JG Julian Gerhäuser

M.Sc. Julian Gerhäuser

  • Postanschrift: Kaiserstr. 12
    Liefer- und Besucheranschrift: Gotthard-Franz-Straße 3
    Geb. 50.31, 4. OG
    D-76131 Karlsruhe

About myself

After graduating from high school, I first completed an apprenticeship as biotechnological assistant in Heidelberg. Afterwards I studied biotechnology at Mannheim University of Applied Sciences. Since 2019, I have been a research assistant at the Institute of Food Process Engineering, working on ice-binding molecules.

Research focus

Ice-binding molecules are able to influence the growth of ice crystals. In particular, they effect the recrystallization process during frozen storage. Due to the rearrangement of water molecules, large ice crystals become increasingly larger and small ice crystals disappear, while the ice content remains constant. Therefore, recrystallization is considered one of the main damage mechanisms during frozen storage causing severe damage of sensitive products such as dough, fruit and, in the medical field, cells as well as organs. In the case of ice cream, the coarsening of the ice crystal structure due to recrystallization also leads to an unpleasant mouthfeel when consumed.

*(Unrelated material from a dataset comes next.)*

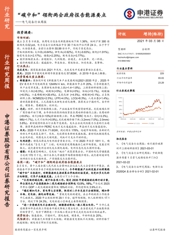 【申港证券】【20210308】“碳中和”领衔两会政府报告能源要点——电气设备行业周报-37页
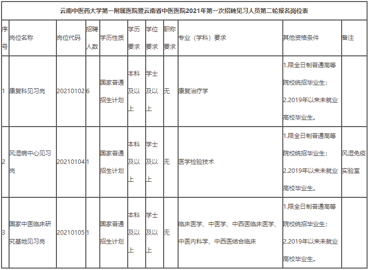 (一)岗位及条件:详见附件《云南中医药大学第一附属医院暨云南省中医医院2021年第一次招聘见习人员第二轮报名岗位表》。

The best-known group of ice-binding molecules are ice-binding proteins also known as antifreeze proteins. Meanwhile, these proteins have been found in a wide variety of living organisms. However, the interaction mechanisms between protein and the ice crystal as well as the further development of the ice surface structure are still unclear. This is also true for other ice-binding molecules such as kappa-carrageenan. Although viscosity-independent recrystallization inhibition and a change in ice crystal shape have already been found for kappa-carrageenan, binding to the ice crystal surface has not yet been demonstrated beyond doubt.


Molecular dynamic (MD-) simulations are used to gain insight at the molecular level into the ice binding of these molecules. In this way, ice binding can be verified and molecular groups important for the interaction can be identified. The interactions between the individual atoms are used to calculate the trajectories of motion. In addition to the simulations, the properties of ice-binding molecules are investigated by recrystallization experiments. Furthermore, ice-binding proteins can be efficiently purified by ice affinity chromatographic methods.